Les relations entre chameaux et sociétés
ENTRE MARGINALISATION ET IDEALISATION
Texte de Bernard Faye1 et François Brey2
1. CIRAD-EMVT, Campus International de Baillarguet, 34398 Montpellier cedex
2. Association Camélomane, 20 rue du Terrage, 75010 Paris
Bien que le chameau ait eu dès sa domestication, il y a 6000 ans (Eppstein, 1971), un rôle essentiellement utilitaire, l’homme a toujours entretenu avec lui des rapports affectifs et symboliques dont l’importance est peut-être proportionnelle aux dimensions de l’animal et aux services qu’il rend à l’homme du désert. Cet attrait pour l’animal perdure aussi bien dans les pays du Sud que dans les sociétés occidentales, pour des raisons évidemment différentes.

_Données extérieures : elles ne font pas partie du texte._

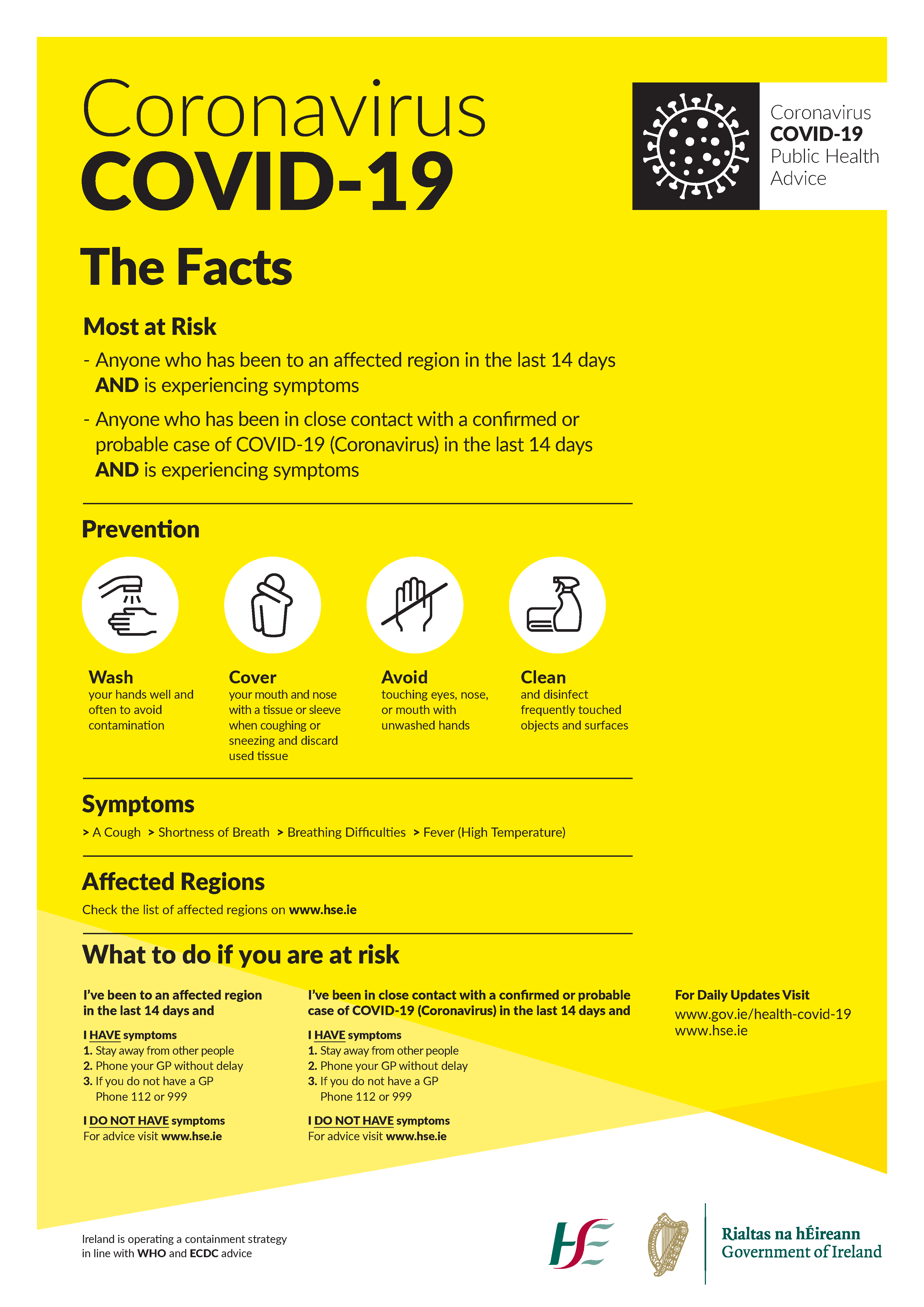 En relación con las medidas adoptadas por el Gobierno de Irlanda frente al COVID-19, compartimos información sobre cómo prevenir el contagio del virus.
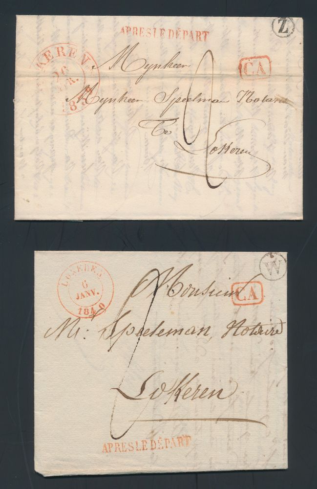 979 image2 forerunners, both with post office box and red cancellation "CA" in frame, Lokeren (Post Office Box W and Z), both with red cancellation "Après le Départ", all to Lokeren, vf(Image 1) (Image 2)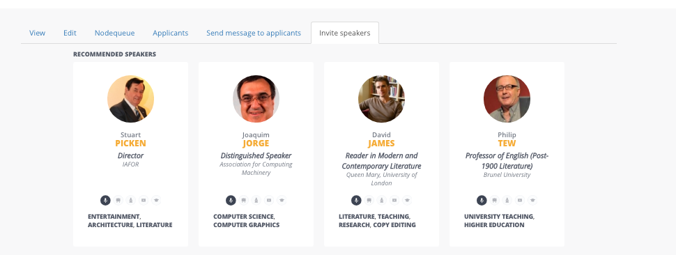 If you have a few speakers who you think might be the right fit, you can invite them to apply for your event by hitting the “invite” tab. We even go the extra mile by suggesting speakers we think might be a good fit, based on the topic of your event.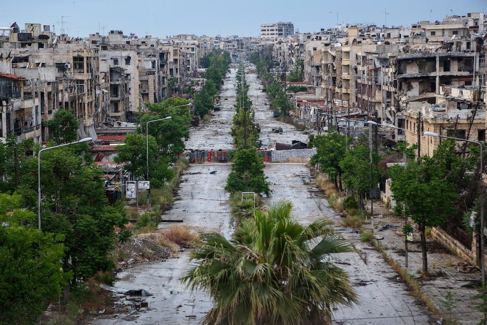 Eine zerstörte Straße im Saif al-Dawla Viertel in Aleppo, mit Sandsäcken als Barrikaden. Die Straße lag an der Frontlinie, eine Hälfte von Oppositionskräften kontrolliert, die andere von Kräften des Assad Regimes. Aufgenommen am 11. Mai 2015. Foto von Hosam Katan.
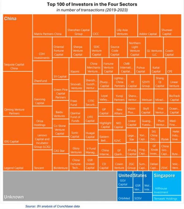 在2019年至2023年间交易数量最多的前10名投资者中,只有一个非中国的投资者:新加坡的高瓴资本(但其创始人张磊本科毕业于中国人民大学),其管理着几所主要美国大学的资产。高瓴完成了133笔交易,集中在人工智能和生物技术领域。
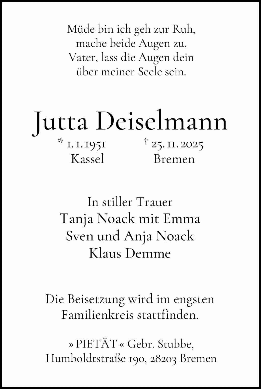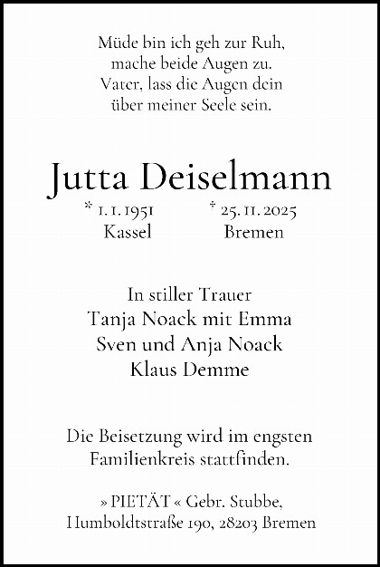 * 01.01.1951 in Kassel† 25.11.2025 in Bremen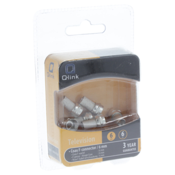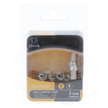 Met de Q-link F-connector verbind je moeiteloos je coaxkabels met schotels, versterkers of splitters. Dankzij de directe aansluiting blijft het signaal sterk, met minimale verliezen. De connector, geschikt voor 6 mm coaxkabels, biedt bescherming tegen stoorsignalen tot 75 dB. Je ontvangt een set van 6 connectors, ideaal voor al je aansluitbehoeften.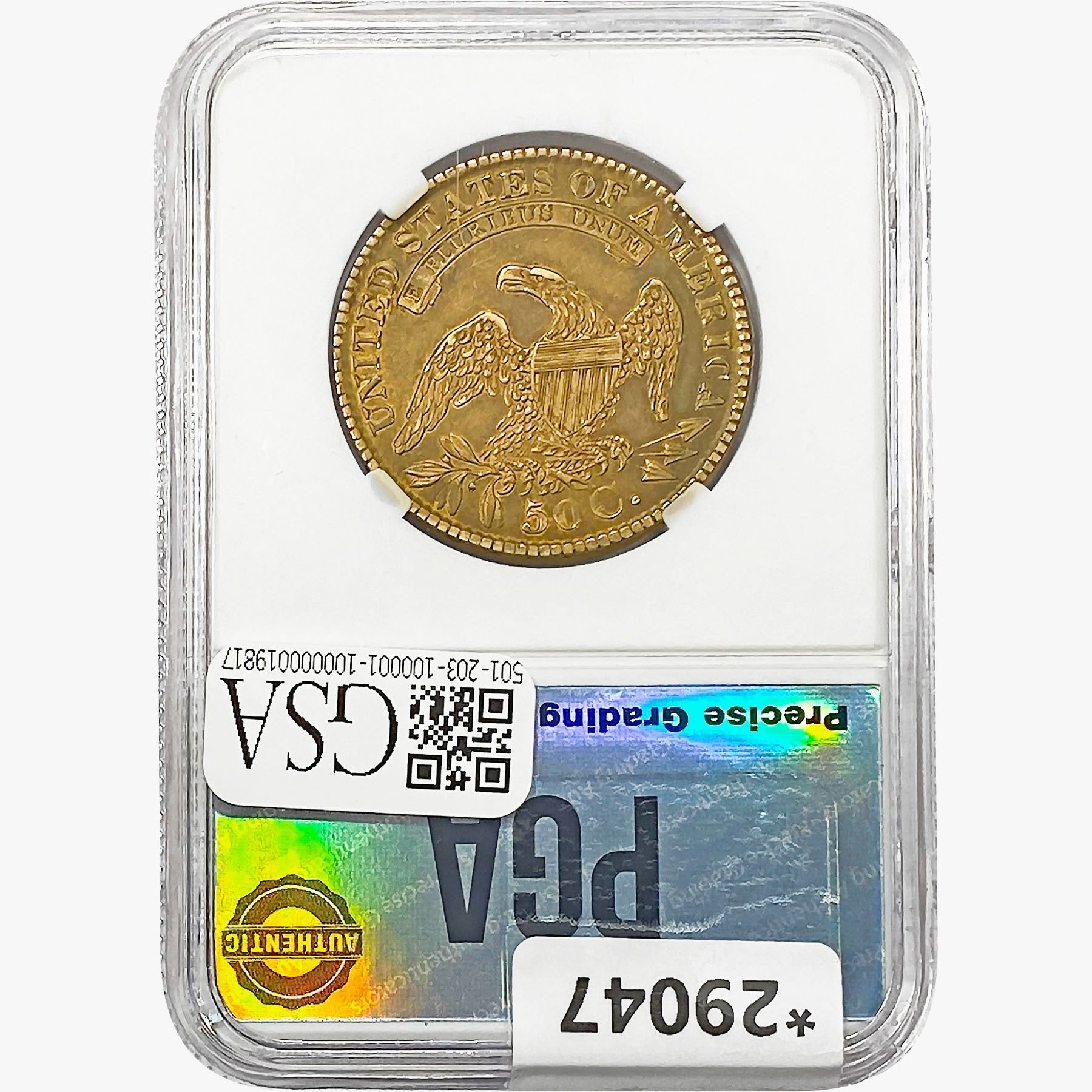 l. All non-certified coins and currency are guaranteed genuine, but are not guaranteed as to grade, since grading is a matter of opinion, an art and not a science, and therefore the description rendered by GSA or any third-party grading service may not agree with the opinion of others (including trained experts), and the same expert may not grade the same item with the same grade at two different times. GSA may, but is not obligated to, express an opinion as to non-certified numismatic items, in GSA’s opinion, or by its employees’ experience and the current interpretation of the American Numismatic Association’s standards as of the date the catalog was prepared. There is no guarantee or warranty expressed or implied that the grading opinions utilized by GSA, if any, will meet the standards of any grading service at any time in the future.

Chez les maures de Mauritanie, le désert se décrit comme un immense troupeau de dromadaires et chaque dune est décrite comme un chameau couché. Cette manière de décrire le paysage permet aux nomades de mémoriser un itinéraire et de le transmettre. Le dromadaire imprègne les rêves des uns, les descriptions du monde des autres, il inspire les poètes des temps préislamiques à nos jours.
Mais il renvoie aussi à une imagerie populaire empreinte de clichés, d’a priori et de méconnaissances qui le confinent dans un positionnement passéiste, voire obsolète. Cette relation ambivalente se reflète dans les comportements sociaux, les symboles véhiculés et les politiques de développement mis en œuvre ici ou là. De nos jours, les rapports entre le dromadaire et les sociétés du Nord et du Sud obéissent à ces deux tendances divergentes entre marginalisation et idéalisation. Ils se déclinent cependant différemment selon les sociétés en question, la ligne de fracture n’étant pas celle qui sépare les sociétés elles-mêmes, mais plutôt la place que chacune d’entre elles, est prête à donner au dromadaire.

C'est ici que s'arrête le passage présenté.